NEW YORK — Marv Kessler, a wisecracking basketball guru who preached the fundamentals of the game in a half-century career that spanned high school, college and the NBA, has died. He was 82.
He had been diagnosed with cancer several years ago and died Wednesday at NYU Medical Center, according to longtime friends.
Kessler graduated from North Carolina State in 1958 after playing on the basketball team for three seasons. He coached at Martin Van Buren High School in his home borough of Queens before leaving to become head coach at Adelphi University on Long Island in 1972. He compiled an 88-60 record in six seasons with the Panthers.
He was an assistant coach at Davidson from 1979-81 and then began his association with the NBA, serving as an advance scout for Detroit, Washington, Portland and Sacramento. For a short time he was head coach of Hapoel Holon of the Israeli Professional League.

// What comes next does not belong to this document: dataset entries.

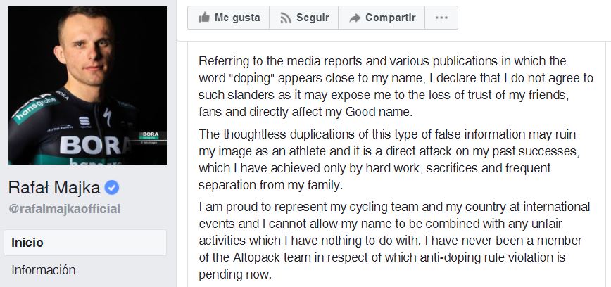 «La difusión de este tipo de información falsa pone en peligro mi imagen como atleta y es un ataque a mis éxitos anteriores, que he logrado únicamente con trabajo duro, sacrificio y frecuente separación de mi familia», añade. «Estoy orgulloso de representar a mi equipo ciclista y a mi país en eventos internacionales y no puedo permitir que mi nombre sea mezclado con actividades turbias con las que no tengo nada que ver. Nunca he sido miembro del equipo Altopack, que actualmente está siendo investigado por violación de las normas antidoping», concluye.
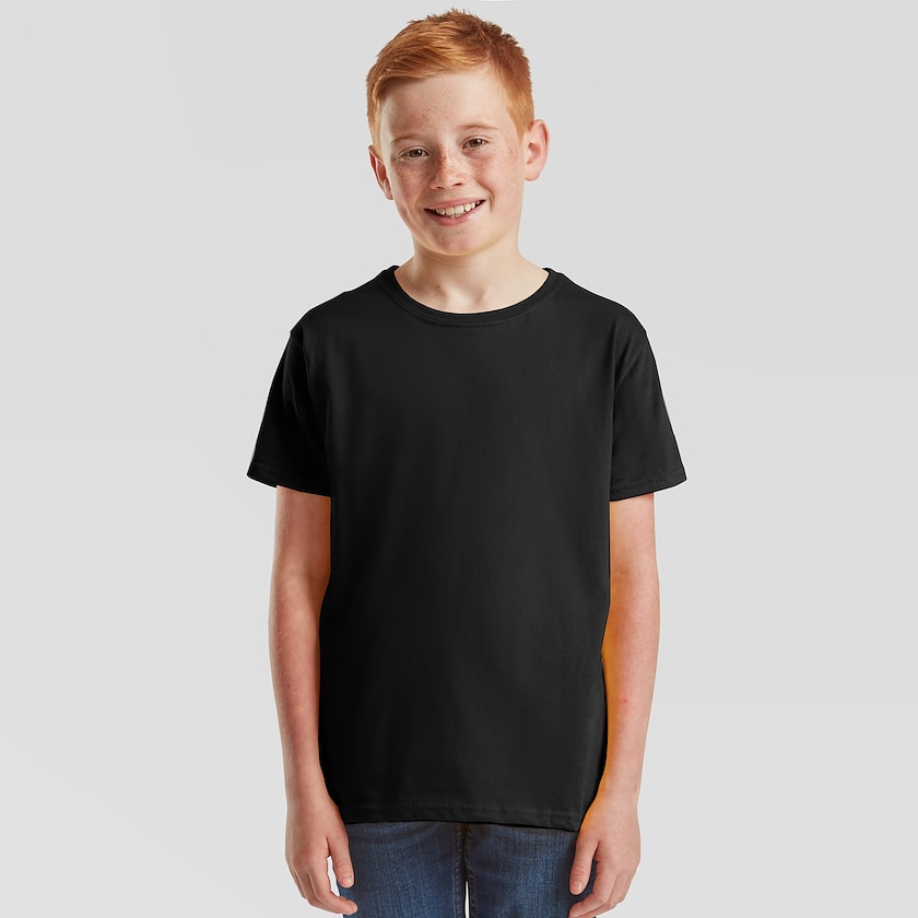 T-shirt enfant moderne disponible dans une grande variété de couleurs. Le T-shirt est 100% coton, sauf le modèle couleur heather grey, dont le tissu comprend 97% de coton et 3% de polyester, et les modèles couleur "retro", "vintage" et "heather", dont le tissu comprend 52% de coton et 48% de polyester. Livré sous emballage plastique individuel.
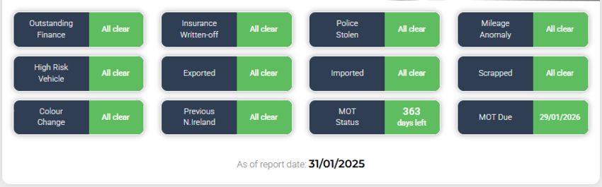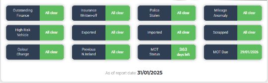 As of report date {31/01/2025} HPI report is all clear - See image!
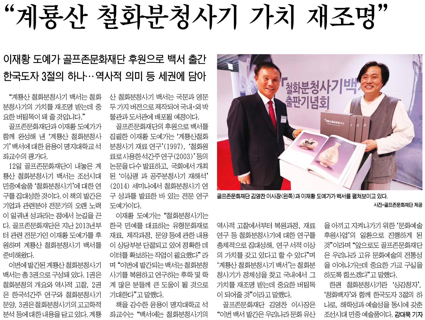 | 세계일보 | 골프존문화재단 ‘계룡산 철화분청사기’ 백서 발간 | |||||||
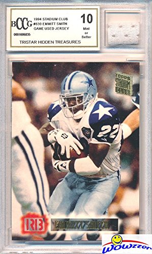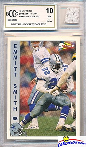 Vintage 1990’s Emmitt Smith Hidden Treasures with a Piece of Authentic Emmitt Smith GAME USED Jersey Graded BGS Beckett 10 Mint GGUM Card! Awesome HIGH Grade Vintage Emmitt Game Used Card! Wowzzer!
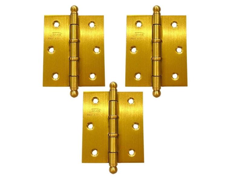 Dobradiça Porta Dourada Acetinada Escovada 3 X 2 1/2 Anel

His reputation as a speaker at clinics, where he used humor and fundamentals to get his point across, extended nationwide. His days at the famed Five-Star Basketball Camp are legendary for his work with individual players and the full-camp lectures that informed and entertained.
Kessler was strictly from basketball's old-school. He stressed preparation and discipline, looking for an opponent's weakness, goading his players to be better, berating them when he thought that might do the trick. And he did it with a standup comic's touch — a Catskill mountain schtick melding John Wooden with Jackie Mason.
"I've known Marv for 40 years, since I was 14," Fordham coach Tom Pecora said Saturday. "His creative thinking and sense of humor when it came to basketball were what made him so special to me and so many others. What he was able to do is unparalleled."
Kessler created a new career for himself over the last two decades. He was hired by many college and NBA coaches to attend their practices and suggest ways to become more effective.
Kessler, who received a master's degree from Columbia in 1960, was inducted into Adelphi's Hall of Fame in 1997.
He is survived by his wife, Irene, and daughters Andrea and Gayle.
Services are Sunday at 10 a.m. at Sinai Chapel in Flushing.